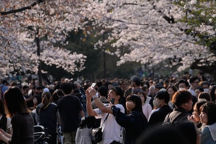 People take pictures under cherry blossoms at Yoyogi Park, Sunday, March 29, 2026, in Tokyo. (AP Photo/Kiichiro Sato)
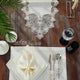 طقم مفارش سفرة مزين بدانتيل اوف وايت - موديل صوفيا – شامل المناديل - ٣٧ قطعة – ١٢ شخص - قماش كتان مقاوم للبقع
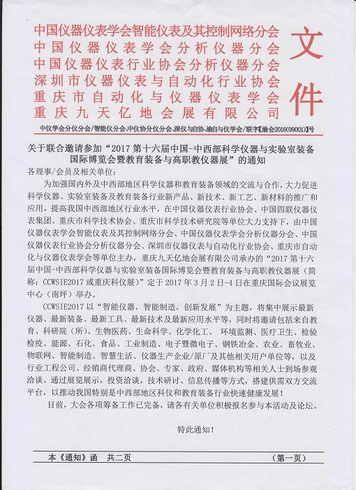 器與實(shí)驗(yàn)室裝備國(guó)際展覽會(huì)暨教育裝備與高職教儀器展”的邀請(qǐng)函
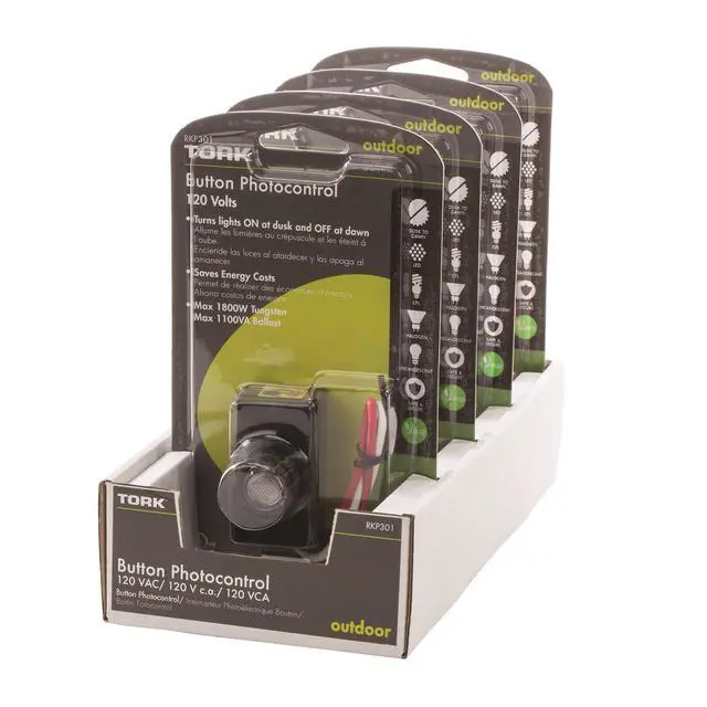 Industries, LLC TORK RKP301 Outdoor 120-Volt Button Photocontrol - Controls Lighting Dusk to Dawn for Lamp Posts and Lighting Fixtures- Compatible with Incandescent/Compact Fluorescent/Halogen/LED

========

Activity ::
Repeat only the lines from the one with "器與實(shí)驗(yàn)" through the end of the data, both included and exactly as written. Pictures stay out of the copy.

Output below ::
 器與實(shí)驗(yàn)室裝備國(guó)際展覽會(huì)暨教育裝備與高職教儀器展”的邀請(qǐng)函
 Industries, LLC TORK RKP301 Outdoor 120-Volt Button Photocontrol - Controls Lighting Dusk to Dawn for Lamp Posts and Lighting Fixtures- Compatible with Incandescent/Compact Fluorescent/Halogen/LED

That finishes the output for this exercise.